What is required => Each line from the one with "- 素材: ソフトな表面、耐久性のあるエッジ、プラスチックの裏面" through the last line of the material is to be printed exactly; no other line and no picture belongs in the copy.

*** Data excerpts ***

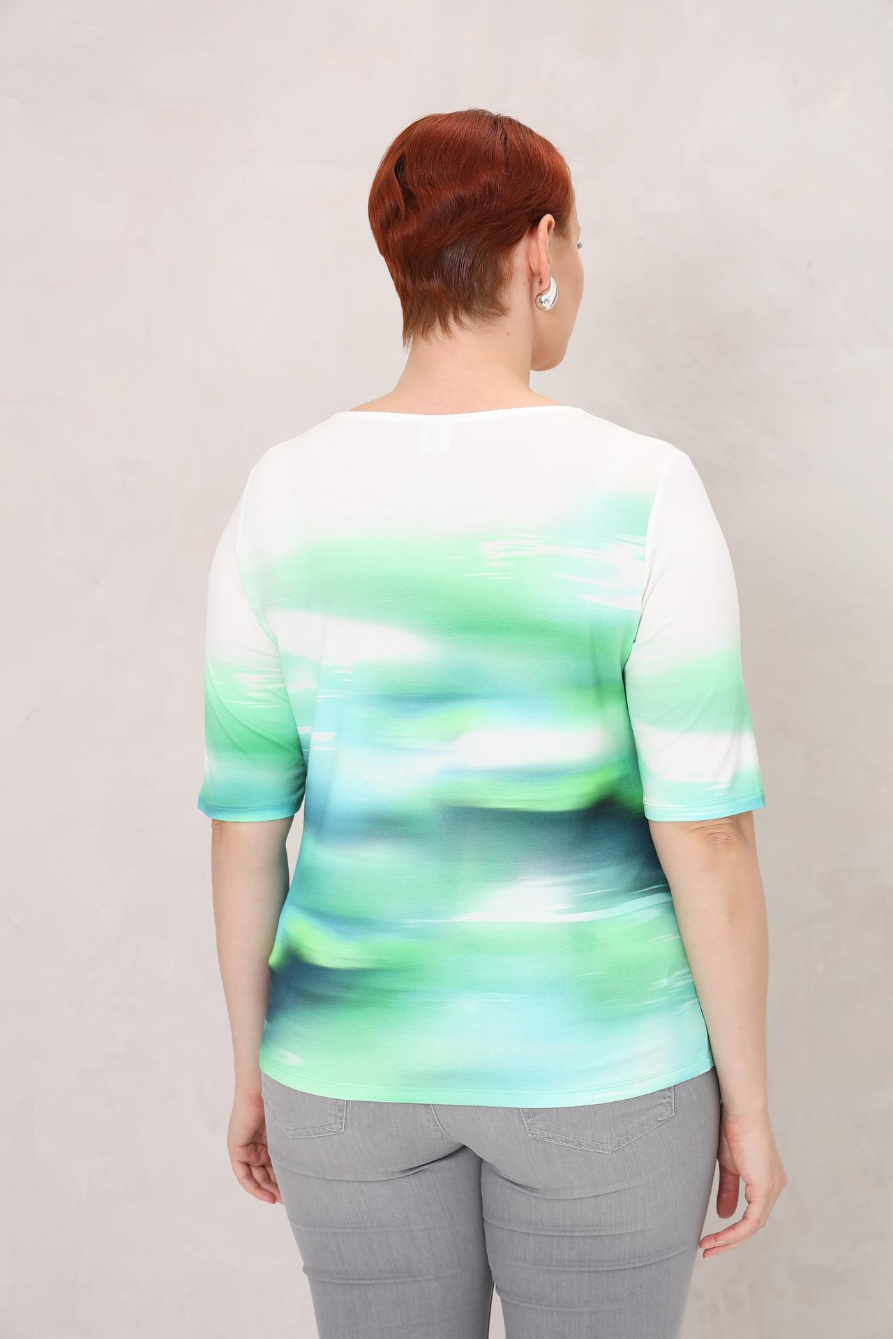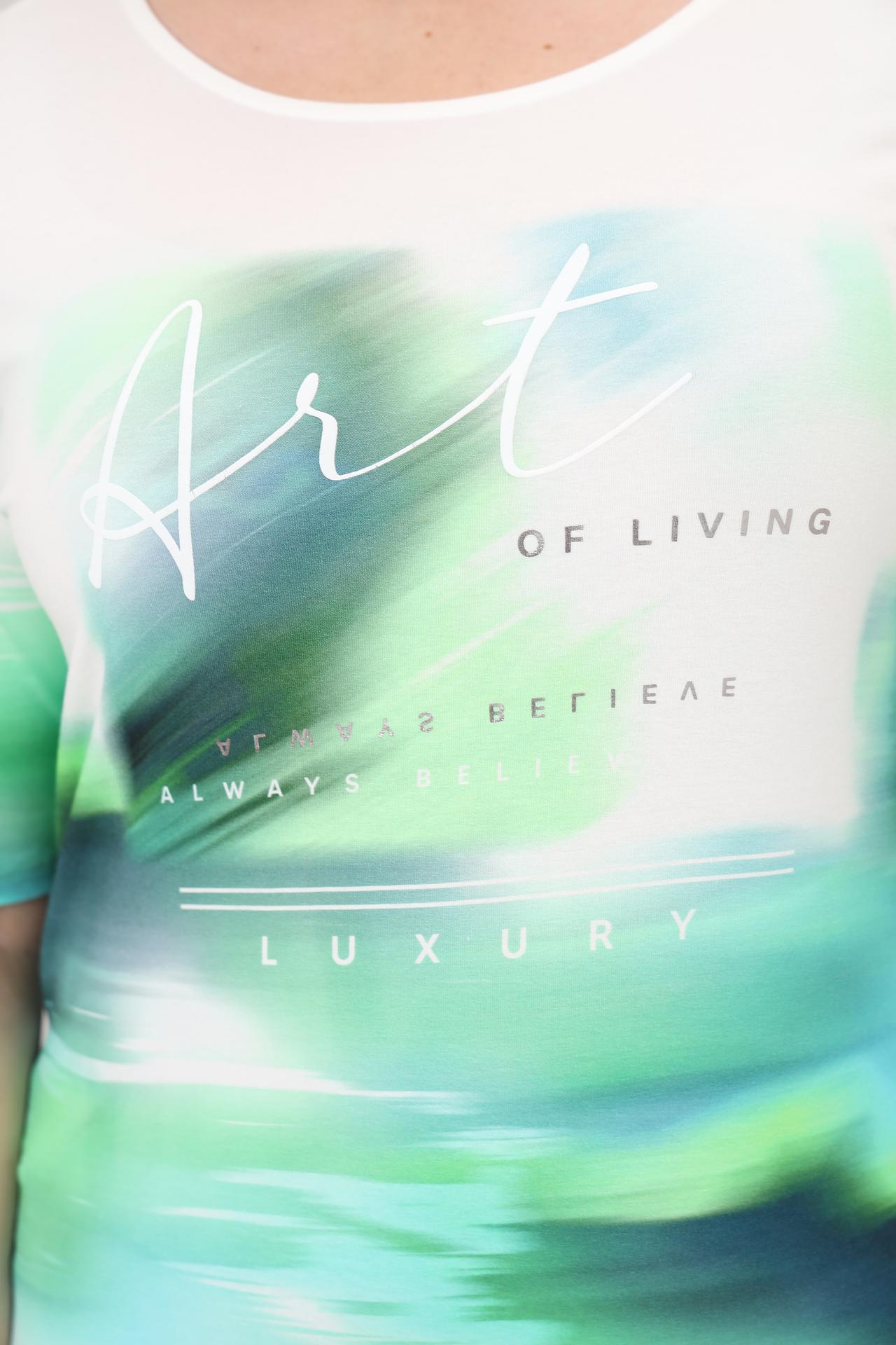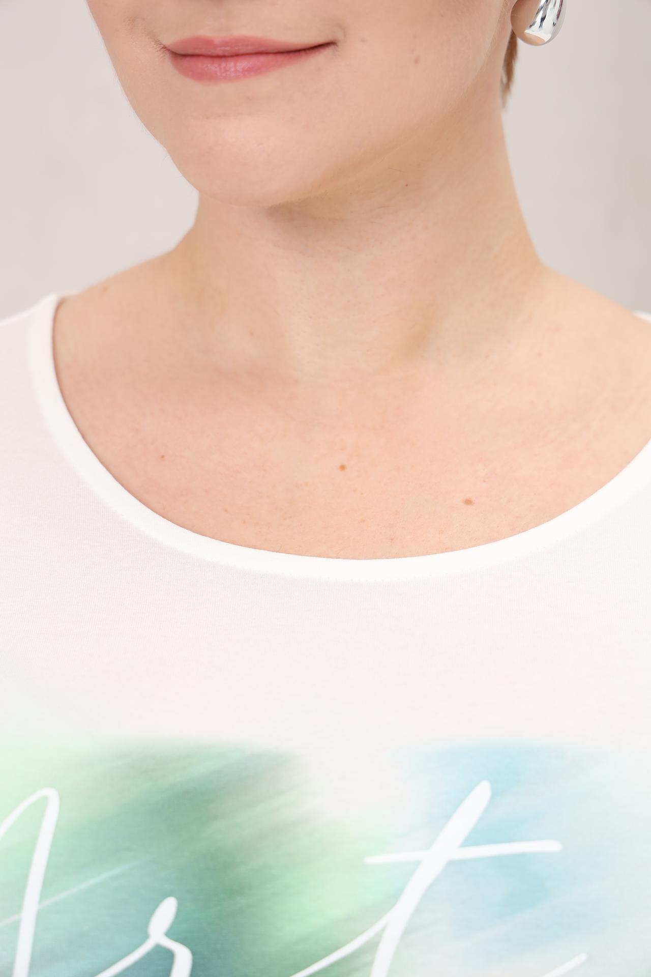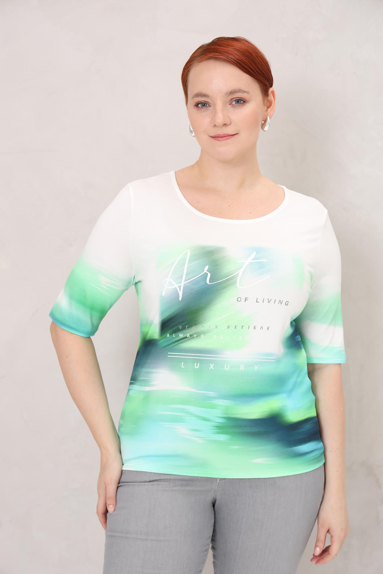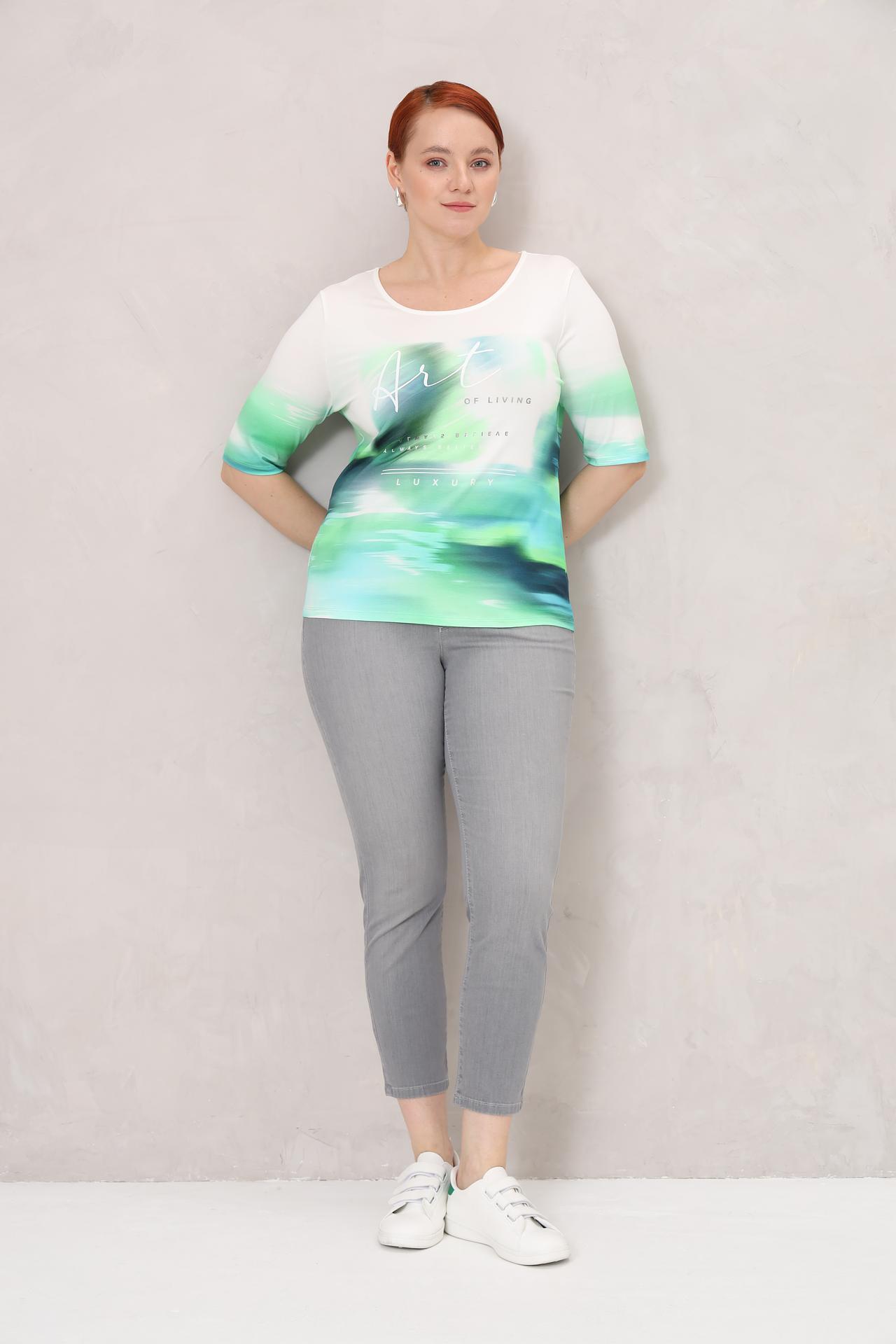 Изысканная футболка от Rabe collection с оригинальным принтом станет ярким акцентом в вашем гардеробе. Мягкая и приятная к телу вискоза в сочетании с эластаном обеспечивает комфорт и свободу движений. Эта стильная футболка идеально подойдет для создания неповторимых образов в стиле casual.
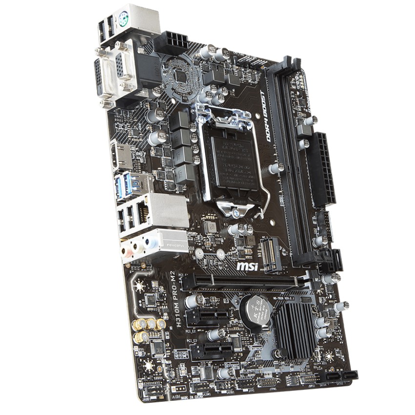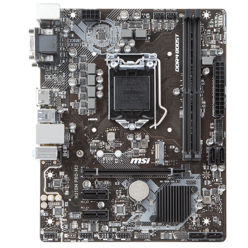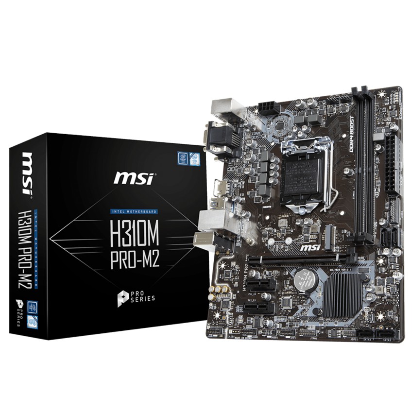 Descripción MSI H310M PRO-M2. tipos de memoria compatibles: DDR4-SDRAM, Tipo de ranuras de memoria: DIMM, Velocidades de reloj de memoria soportadas: 2133,2400,2666 MHz. Fabricante de procesador: Intel, Procesador compatible: Intel® Celeron®, Intel® Core? i3, Intel Core i5, Intel Core i7, Intel Core i9, Intel® Pentium®, Socket de procesador: LGA 1151 (Zócalo H4). Tipos de unidades de almacenamiento admitidas: Unidad de disco duro, SSD. Componente para: PC, Familia del chipset: Intel, Chipset: Intel® H310M. Tipos de BIOS: UEFI AMI
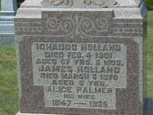 Cemetery Transcription: See Exhibit: Ichabod Holland; Died Feb 4 1901; Aged 67 Yrs. 5 Mos; James Holland; Died March 3 1870; Aged 6 Years; Alice Palmer; His Wife; 1847-1935 (McPhail's Cemetery, June 8, 2002)
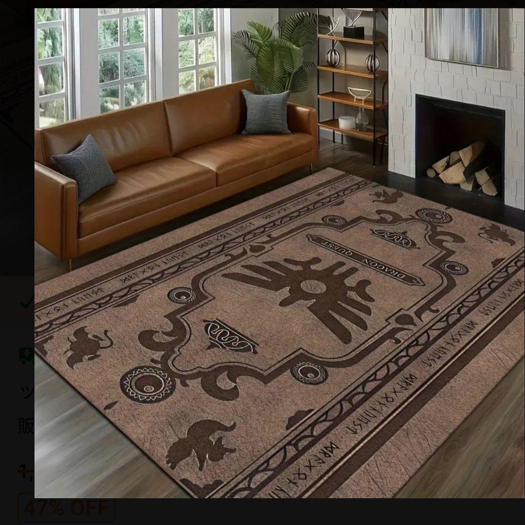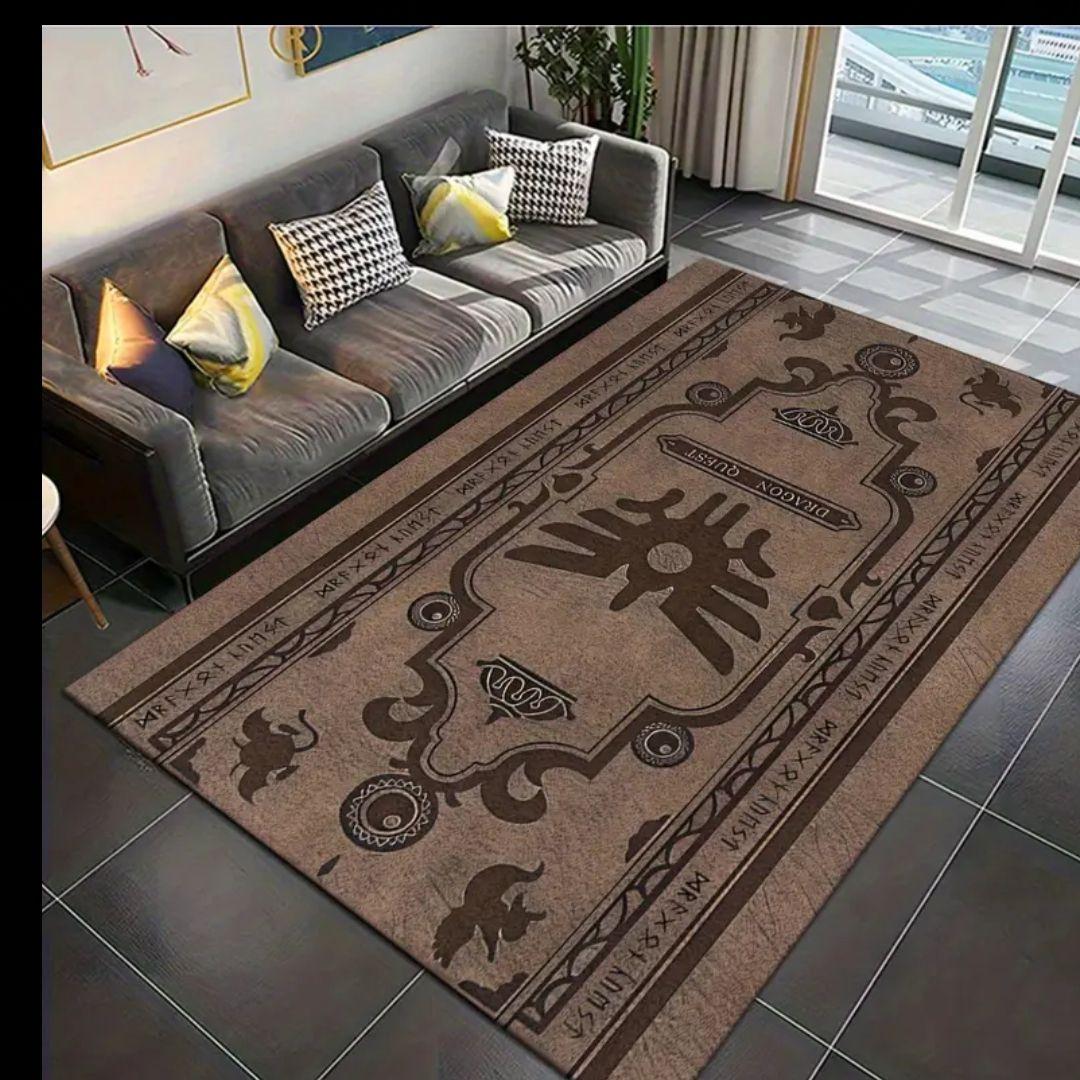 ドラゴンクエストのテーマが施されたブラウンのラグ。ソフトな表面と耐久性のあるエッジで、インテリアに最適。 大きさ:50×80cm - 素材: ソフトな表面、耐久性のあるエッジ、プラスチックの裏面
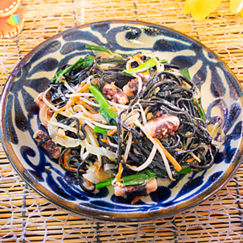 イカスミを練り込んだ麺が特徴の郷土料理!麺には沖縄そばを使用し、イカスミの風味と独特な黒い色合いが楽しめます!
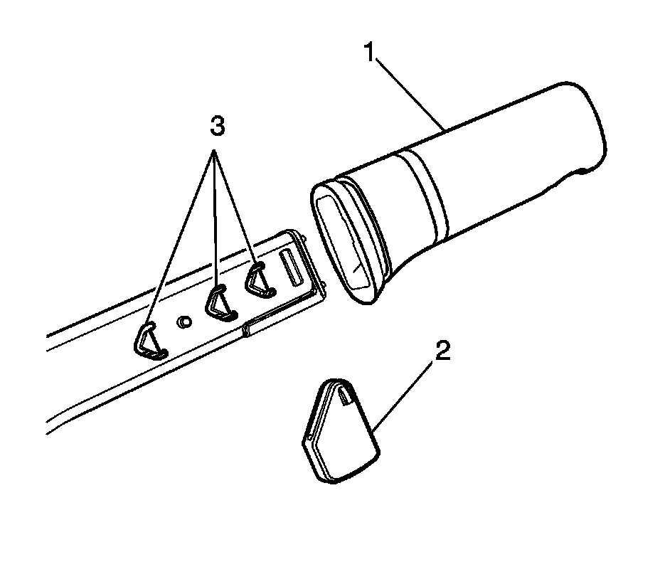 5. Inspect and carefully remove any debris remaining from the lever barbed retainer openings (3) along the park brake lever release rod.

***

Solution for this exercise =>
 ドラゴンクエストのテーマが施されたブラウンのラグ。ソフトな表面と耐久性のあるエッジで、インテリアに最適。 大きさ:50×80cm - 素材: ソフトな表面、耐久性のあるエッジ、プラスチックの裏面
 イカスミを練り込んだ麺が特徴の郷土料理!麺には沖縄そばを使用し、イカスミの風味と独特な黒い色合いが楽しめます!
 5. Inspect and carefully remove any debris remaining from the lever barbed retainer openings (3) along the park brake lever release rod.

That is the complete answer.